Totality of circumstances provided reasonable suspicion to stop vehicle
Langlade County v. Casey Joseph Stegall, 2014AP2369, District 3, 5/5/15 (one-judge decision; ineligible for publication); case activity (including briefs)
Reasonable suspicion does not require the presence of certain facts, or a certain number of facts; rather, “what constitutes reasonable suspicion is a common sense test: under all the facts and circumstances present, what would a reasonable police officer reasonably suspect in light of his or her training and experience.” State v. Young, 212 Wis. 2d 417, 424, 569 N.W.2d 84 (Ct. App. 1997). That “common sense test” was met here.
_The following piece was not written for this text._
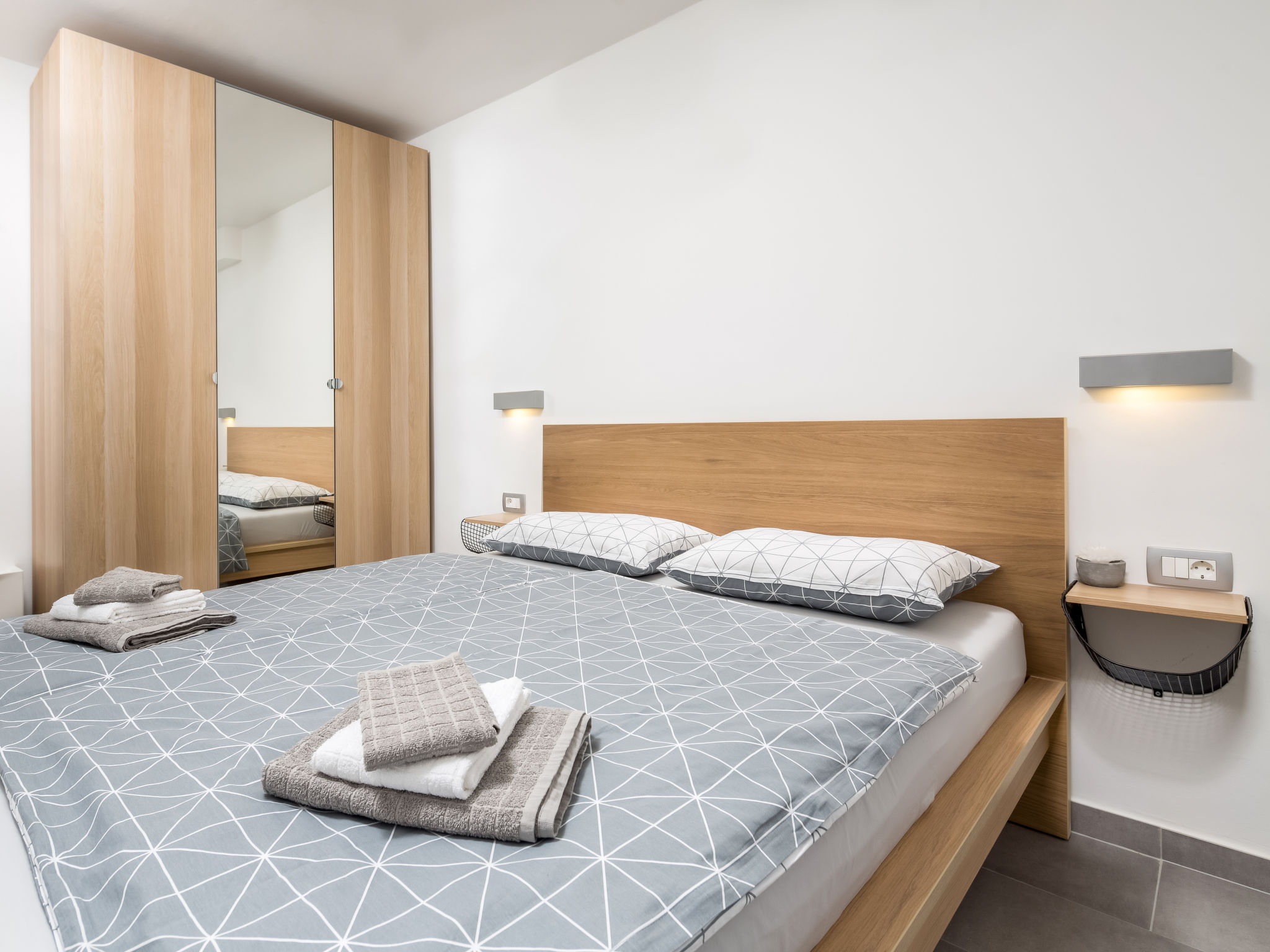 2-Zimmer-Wohnung 22 m2, im Erdgeschoss, Südostlage. Wohn-/Esszimmer mit Sat-TV (Flachbildschirm). Ausgang zur Terrasse. 1 Zimmer mit 1 franz. Bett (160 cm, Länge 200 cm). Offene Küche (Backofen, 2 Glaskeramikherd Platten, elektrische Kaffeemaschine). Dusche/WC. Ölheizung (extra). Terrasse 26 m2, überdacht. Terrassenmöbel. Zur Verfügung: Internet (Wireless LAN, gratis). Bitte beachten: eigener Eingang. Traditionelle istrische Taverne, zur gemeinsamen Nutzung.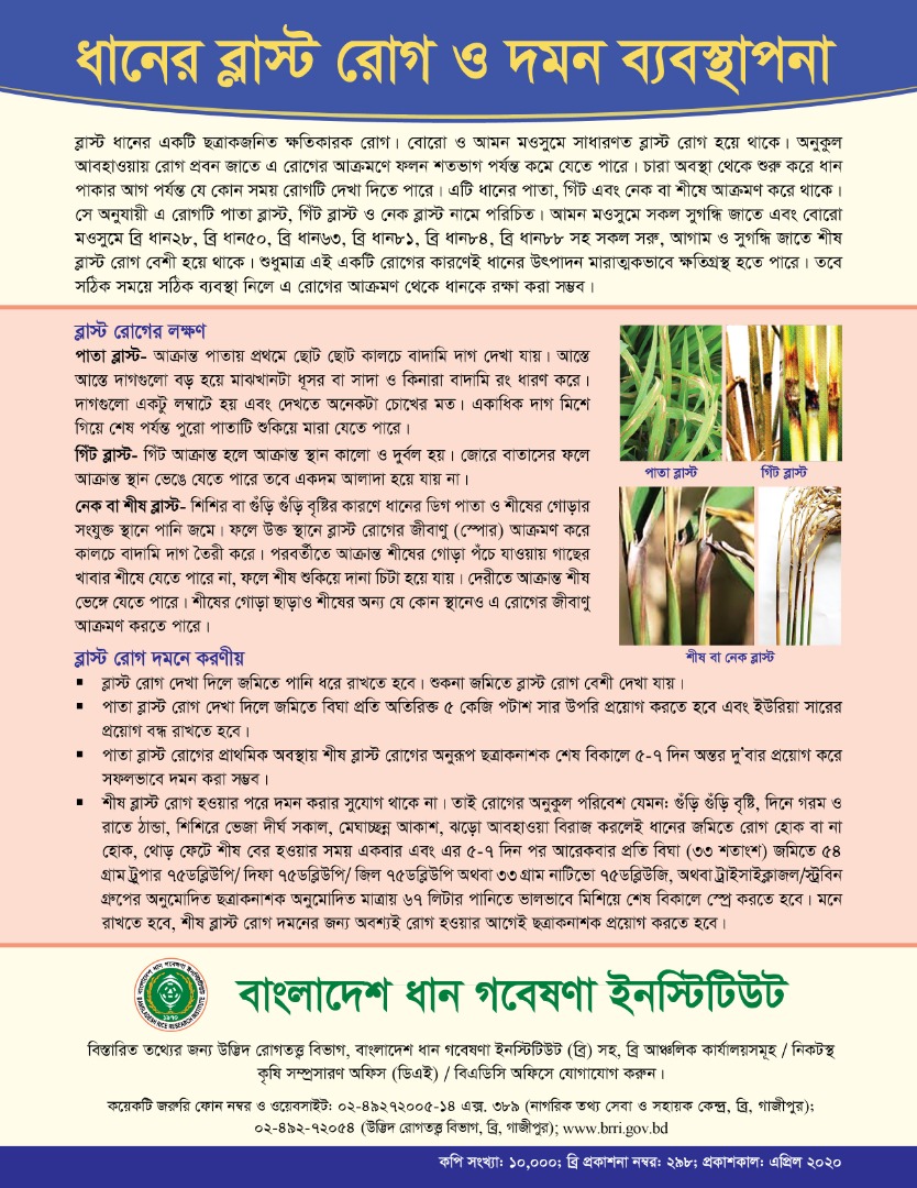 | ০৬. | ধানের ব্লাস্ট রোগ ও দমন ব্যবস্থাপনা | এপ্রিল ২০২০ | ডাউনলোড |

Detention in squad car wasn’t unreasonable and didn’t convert stop into arrest
State v. Richard S. Foley, 2014AP2601-CR, District 4, 4/30/15 (one-judge decision; ineligible for publication); case activity (including briefs)
Detaining Foley in a squad car during a traffic stop was reasonable under the circumstances and didn’t transform the stop into an arrest.
SCOTUS: Police cannot prolong a completed traffic stop to conduct dog sniff absent reasonable suspicion
Rodriguez v. United States, USSC No. 13-9972, 2015 WL 1780927 (April 21, 2015), reversing United States v. Rodriguez, 741 F.3d 905 (8th Cir. 2014); Scotusblog page (includes links to briefs and commentary)
Some lower courts have held that police may briefly prolong a completed traffic stop in order to conduct a dog sniff. The Supreme Court rejects that approach, and holds that a seizure justified only by a traffic violation “‘become[s] unlawful if it is prolonged beyond the time reasonably required to complete th[e] mission’ of issuing a ticket for the violation.” (Slip op. at 1, quoting Illinois v. Caballes, 543 U.S. 405, 407 (2005)). Thus, prolonging a traffic stop requires reasonable suspicion of criminal activity beyond the traffic infraction.
Police lacked reasonable suspicion to stop person in high crime area
State v. Jennifer L. Wilson, 2014AP2358-CR, District 3, 4/21/15 (one-judge decision; ineligible for publication); case activity (including briefs)
A person’s presence in an area with frequent calls for drug activity and a suspected drug house is not, by itself, enough to justify an investigative stop of the person; the police must have particularized information that the person might be engaged in criminal activity. Police lacked that kind of particularized information in this case, so the stop was unlawful.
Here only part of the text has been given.